OPERABILITY any operation inside the design envelope that would cause a shutdown that could possible lead to a violation of environmental, health or safety regulations or negatively impact profitability.


HAZOP Process
The HAZOP focuses on specific portions of the process called “nodes”. Generally these are identified from the P&ID of the process. A process parameter is identified, say flow, and an intention is created for the node under consideration.

Then a series of guidewords is combined with the parameter “flow” to create deviations. For Example, the guideword “no” is combined with the parameter flow to give the deviation “no flow”. Then focus is on listing all the credible causes of a “no flow” deviation beginning with the cause that can result in the worst possible consequence one can think of.

Once the causes are recorded, a list is made of the consequences, safeguards and any recommendations deemed appropriate. The process is repeated for the next deviation and so on until completion of the node.



Guidewords, Selection of Parameters and Deviations
The HAZOP process creates deviations from the process design intent by combining guide words (no, more, less, etc) with process parameters resulting in a possible deviation from design intent.



SPECIFIC PARAMETERS
These include Flow, Pressure, Temperature, Level, Time, Agitation, Reaction, Start-Up/Shut-Down, Draining/Venting, Utility Failure(instrument air, power), Maintenance, Vibrations etc.

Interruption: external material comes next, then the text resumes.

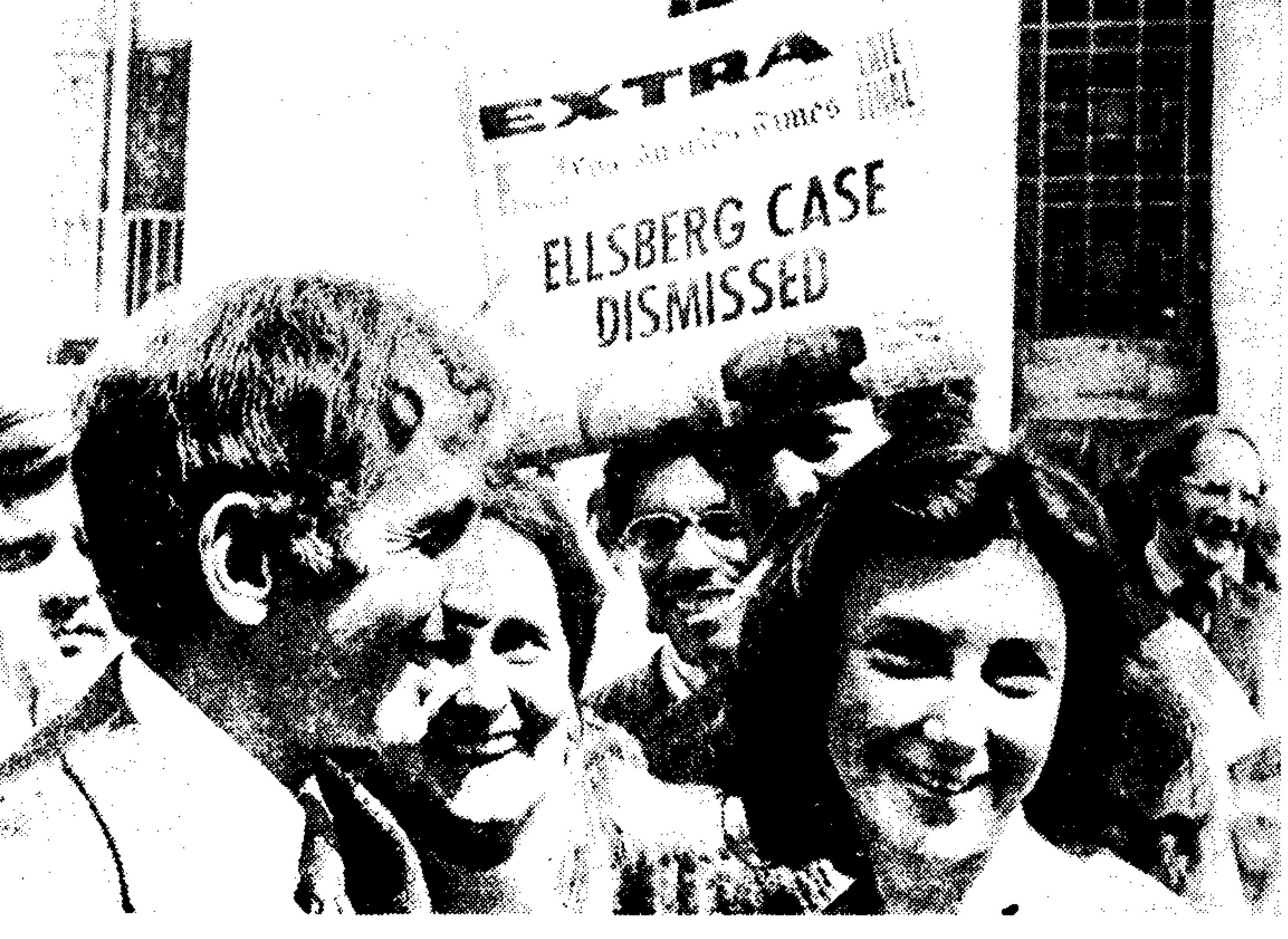
Το αμερικανικό Πεντάγωνο υπέστη χθες μία από τις βαρύτερες ήττες του και το γεγονός αυτό ερμηνεύεται ως προσηλαστική δόξα για την κυβέρνηση Νίξον...

Concept of Point Of Reference
When defining nodes and performing a HAZOP on a particular node it is useful to use the concept of point of reference (POR) when evaluating deviations.

Screening for Causes of Deviations
It is necessary to be thorough in listing causes of deviations. A deviation is considered realistic if there are sufficient causes to believe the deviation can occur. However, only credible causes should be listed.

There are three basic types of causes. They are:

  • Human error which are acts of omission or commission by an operator, designer, constructor or other person creating a hazard that could possibly result in a release of hazardous or flammable material.

  • Equipment failure in which a mechanical, structural or operating failure results in the release of hazardous or flammable material.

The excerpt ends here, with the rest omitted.